GIVEN INFORMATION:
▽
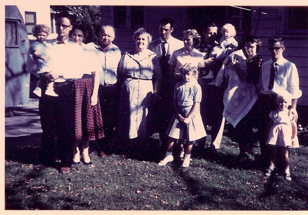 Elmer and Joanna Holmquist group pic 1958 Taken perhaps the summer of 1958. Left to right: Chet holding Karen and Marjorie, Elmer, Joanna, Paul, Dorothy, Judy in front of Dorothy, Erwin holding Connie, Arlene holding Dan, Chuck and Sarah Share this: Print (Opens in new window) Print Like Loading...
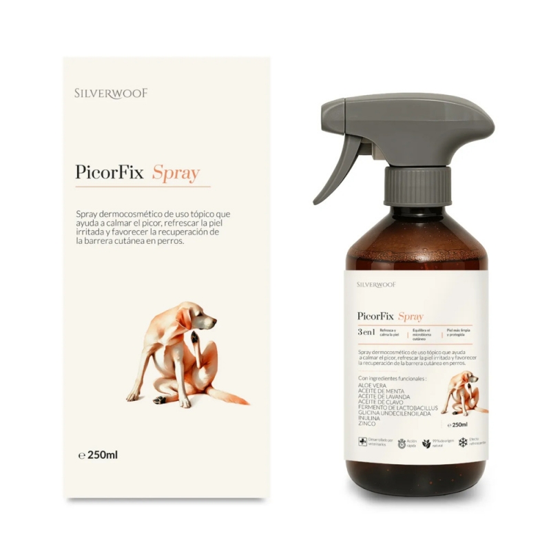 PicorFix Spray 250 ml es un spray antipicor para perros formulado con ingredientes naturales que proporciona un alivio inmediato del picor localizado, la irritación y el enrojecimiento de la piel. Su combinación de aloe vera, lactato de zinc y aceites esenciales ayuda a calmar la piel al instante mientras favorece la regeneración de la barrera cutánea.
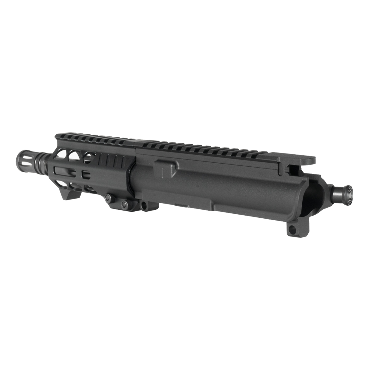 The 4.2-inch freefloat M-Lok handguard is constructed from 7075-T6 aluminum with M-Lok slots along its length, providing compatibility with a wide range of M-Lok accessories. The 8620 alloy steel nitride-finished 9mm bolt carrier group includes an external extractor and is compatible with Glock and Colt magazines. A mil-spec AR-15 charging handle is also a specified inclusion in this configuration.
△
ASSIGNMENT: With the images removed, write out all of the material above exactly.

SOLUTION FOR THIS PROBLEM:
 Elmer and Joanna Holmquist group pic 1958 Taken perhaps the summer of 1958. Left to right: Chet holding Karen and Marjorie, Elmer, Joanna, Paul, Dorothy, Judy in front of Dorothy, Erwin holding Connie, Arlene holding Dan, Chuck and Sarah Share this: Print (Opens in new window) Print Like Loading...
 PicorFix Spray 250 ml es un spray antipicor para perros formulado con ingredientes naturales que proporciona un alivio inmediato del picor localizado, la irritación y el enrojecimiento de la piel. Su combinación de aloe vera, lactato de zinc y aceites esenciales ayuda a calmar la piel al instante mientras favorece la regeneración de la barrera cutánea.
 The 4.2-inch freefloat M-Lok handguard is constructed from 7075-T6 aluminum with M-Lok slots along its length, providing compatibility with a wide range of M-Lok accessories. The 8620 alloy steel nitride-finished 9mm bolt carrier group includes an external extractor and is compatible with Glock and Colt magazines. A mil-spec AR-15 charging handle is also a specified inclusion in this configuration.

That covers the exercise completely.